What civilized jurisprudence permits indicting a nation of crimes against humanity with more than half of the evidence concealed? Or, declaring a nation’s guilty without due process of law?
England, France, Russia and the U.S. still conceal archival material about events in southeastern Anatolia during WWI. It is alarming and suspicious that Armenia still refuses access to its archives, and without condemnation by other nations—shockingly, not even by those passing judgment in “genocide proclamations.” That the Armenian Diaspora uniformly supports concealing Armenia’s archives documenting their history should raise grave concerns.
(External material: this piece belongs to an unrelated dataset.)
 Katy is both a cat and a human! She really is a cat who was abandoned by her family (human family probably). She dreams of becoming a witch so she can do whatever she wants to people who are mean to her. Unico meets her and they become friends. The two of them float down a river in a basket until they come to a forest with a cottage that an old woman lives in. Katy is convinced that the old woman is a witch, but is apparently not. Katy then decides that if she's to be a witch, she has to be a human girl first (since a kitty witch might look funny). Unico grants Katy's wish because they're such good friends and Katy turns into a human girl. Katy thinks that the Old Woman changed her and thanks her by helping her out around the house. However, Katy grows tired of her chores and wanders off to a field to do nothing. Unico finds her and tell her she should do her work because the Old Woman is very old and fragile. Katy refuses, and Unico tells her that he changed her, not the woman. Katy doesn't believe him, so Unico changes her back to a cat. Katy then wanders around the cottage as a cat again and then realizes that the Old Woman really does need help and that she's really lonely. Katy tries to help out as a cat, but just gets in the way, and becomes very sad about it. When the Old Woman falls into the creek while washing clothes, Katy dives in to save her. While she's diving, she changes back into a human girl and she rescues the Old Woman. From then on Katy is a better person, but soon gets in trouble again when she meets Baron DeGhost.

Armenians demand free speech, but shout down any who dare to state a true fact: this issue is contested. They say no one has the right to speak this truth. The EU lectures Turkey to allow freedom of speech, while France and Switzerland pass laws criminalizing statements disputing genocide claims—does this hypocrisy not bother anyone?
The holocaust perpetrated by during WWII cannot be compared to what occurred during WWI. Armenian genocide claims are tied to Ottoman relocation orders.
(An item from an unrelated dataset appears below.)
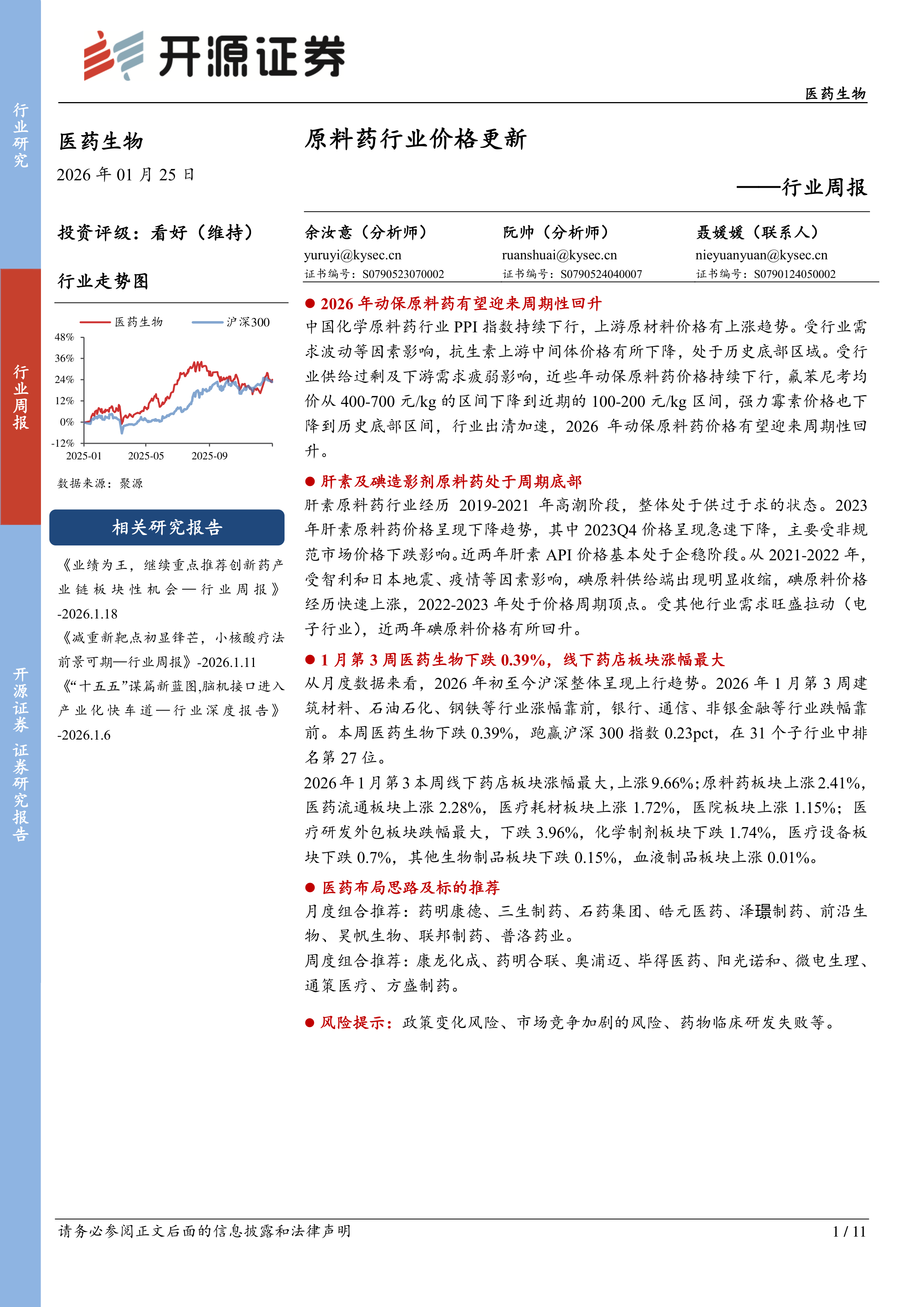医药生物行业周报:原料药行业价格更新

However, Armenian revolutionary leader Garo Armen writes that over 160,000 Armenians joined the Russian army and fought against the Ottoman regime BEFORE any relocation order issued (see http://books.google.com/books?id=4XYMAAAAYAAJ&pg=PA1&dq=why%...). He admits Armenian revolutionary groups refused to join the Ottoman regime when asked before WWI began, instead Armenians openly joined Russia against the Ottomans.
What source states that European Jews rose against Germany before WWII to form Israel in the heart of Germany? Please cite one if you can.
Armenians have spent millions of dollars in a 30 year global effort to obtain parliamentary proclamations of genocide because they cannot press their claims in a court of law while concealing half the evidence.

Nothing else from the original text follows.